While we have written much about the battle over the broadcast performance royalty (or the "performance tax" as broadcasters call it) – whether broadcasters will have to pay artists and record labels for the right to play their music on the air – we have not written much about another looming issue with the royalties that broadcasters must pay to play music on their stations. While broadcasters are very familiar with the ASCAP and BMI royalties, they may not be fully aware that there is a looming dispute over the amount that broadcasters will pay to these organizations in the near future. At a panel that I moderated at the NAB Radio Show, Bill Velez, the head of the Radio Music Licensing Committee, talked about the current negotiations for the renewal of the royalty agreements between radio stations and these two Performing Rights Organizations ("PROs"). Both of the current agreements expire at the end of this year, and the RMLC is in the process of trying to negotiate new agreements. However, because many broadcasters feel that the current deals charge more for these music rights than is justified in the current economic environment, while the PROs are reluctant to decrease the royalties that the composers they represent currently receive, the differing perceptions of the value of these rights could lead to litigation over the amount that should be paid by broadcasters for the use of this music.
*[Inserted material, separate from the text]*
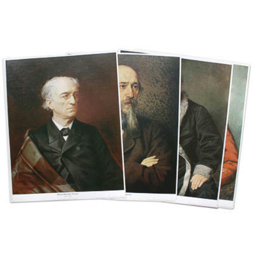 Комплектность: 16 репродукций (размером 40х50 см, плотность бумаги 230-250 г), упаковочная папка. Пособие представляет собой набор репродукций портретов русских писателей XIX века, выполненных русскими художниками, изготовленных на плотной небликующей бумаге. В состав набора включены портреты А.Н. Островского, Н.А. Некрасова, В.А. Жуковского, А.И. Герцена, И.С. Тургенева, А.С. Пушкина, А.П. Чехова, И.А. Крылова, Л.Н. Толстого, М.Е. Салтыков-Щедрина, А.С. Грибоедова, Ф.М. Достоевского, Н.В. Гоголя, А.А. Фета, Ф.И. Тютчева, М.Ю. Лермонтова.

First, it is important to understand what rights ASCAP and BMI are providing. These organizations, along with SESAC (about which we have written here), provide the copyright license for the "public performance" of the "musical work" or the composition, the words and musical notes to a song. This is in contrast to the rights to the sound recording (the song as performed and recorded by a specific artist), which is licensed by SoundExchange. Webcasters have to pay ASCAP and BMI for the use of the composition, as well as paying SoundExchange for the use of the sound recording when streaming music on the Internet. Broadcasters only have the obligation to pay ASCAP,BMI and SESAC for the composition in connection with their over the air broadcasts but do not, under the current law (unless the broadcast performance royalty is passed), have to pay SoundExchange. Because the current ASCAP and BMI royalties have been in place for several years, most broadcasters probably don’t think much about them, but they may have to in the near future.